14. Éloigné des querelles, exempt d'avarice, doux

Trois autres qualités encore, qu'on dépasse bien trop facilement.

Éloigné des querelles — non batailleur. Certains hommes se trouvent perpétuellement en guerre, et la guerre porte toujours un nom doctrinal. Toute église où ils entrent se divise, toute communion où ils se joignent se fracture, il y a toujours un coupable, et ce n'est jamais eux. L'Écriture disqualifie cet homme de la charge, et la constance du schéma en est la preuve.

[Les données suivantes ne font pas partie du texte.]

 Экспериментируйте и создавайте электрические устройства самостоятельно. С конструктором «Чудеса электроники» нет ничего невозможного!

Exempt d'avarice — le mot est ici plus large que l'argent. C'est une disposition à saisir tout ce que l'homme convoite : l'influence, la position, la reconnaissance, le dernier mot.

Doux — le mot porte l'idée de bienveillance et de longanimité, la disposition à souffrir le tort sans rendre la pareille. C'est là l'exact opposé de l'homme violent, et c'est le tempérament qu'exige cette œuvre, car l'œuvre se fait avec des brebis, et les brebis sont lentes, et craintives, et elles ne cessent de s'égarer.

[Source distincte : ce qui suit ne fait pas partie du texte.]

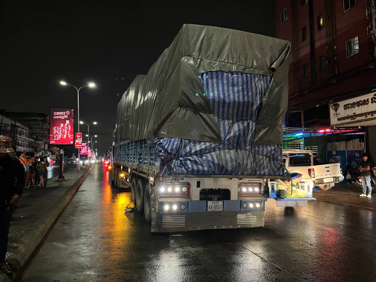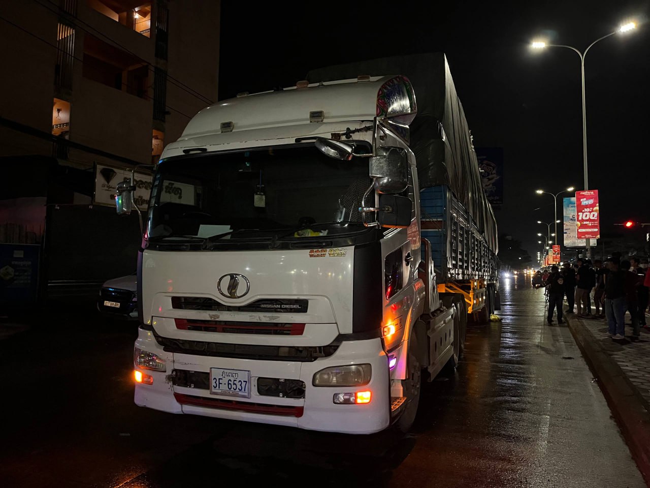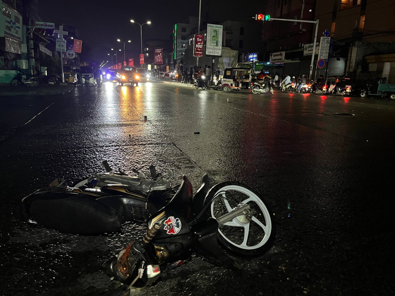 ប្រភពព័ត៌មានបានបញ្ជាក់ថា លុះមកដល់ចំណុចកើតហេតុ រថយន្តក៏បត់ឆ្វេងឆ្លងទៅផ្លូវចោមចៅ ឡើងបានពាក់កណ្តាលផ្លូវ ក៏ភាគីខាងម៉ូតូចាប់ហ្វ្រាំងមិនទាន់ ស្របពេលផ្លូវមានភ្លៀងរអិល ក៏ដួលម៉ូតូអូសចូលក្រោមកង់រថយន្តកុងតីន័រតែម្តង ខណ:ម្នាក់បានខ្ទាតចេញក្រៅ និងម្នាក់ទៀតខ្ទាតចូលទៅក្រោមកង់ ត្រូវបានរថយន្តកិនអូសជាច្រើនម៉ែត្រ បណ្តាលឲ្យស្លាប់ និងដាច់ជើង ។ យុវជនម្នាក់ទៀត ត្រូវបានរថយន្តសាម៉ុយ បញ្ជូនទៅកាន់មន្ទីរពេទ្យ ក្រោយរងរបួសធ្ងន់ ។ (ក្នុងនោះតៃកុងរថយន្តបានគេចខ្លួនបាត់)

15. Gouvernant bien sa propre maison

« Gouvernant bien sa propre maison, tenant ses enfants dans la soumission, en toute honnêteté. Car si quelqu'un ne sait pas conduire sa propre maison, comment gouvernera-t-il l'Église de Dieu ? » (1 Timothée 3:4-5)

Dieu fournit ici lui-même son propre argument, ce qui est rare, et la logique en est sans réplique : c'est le plus petit dépôt qui vient éprouver l'homme pour le plus grand.

Il faut ici prendre garde d'éviter deux erreurs à la fois.

La première est de balayer la chose — de traiter une maison chaotique ou apeurée comme une affaire privée sans rapport avec la charge. Elle n'est nullement une affaire privée. C'est la qualification dont Dieu a choisi de tirer son raisonnement.

La seconde est d'en faire une arme — de se servir de ce verset pour harceler un homme fidèle dont un enfant adulte s'est éloigné. L'exigence concerne les enfants sous son toit et sous son autorité, et elle porte sur sa conduite, non sur un résultat garanti. Des hommes pieux ont eu des fils prodigues ; Dieu lui-même a des enfants qui se rebellent. Un homme n'est pas disqualifié parce qu'un fils devenu grand a fait son propre choix. Il l'est en revanche si sa maison se trouve présentement sans gouvernement, ou si elle est gouvernée par la peur.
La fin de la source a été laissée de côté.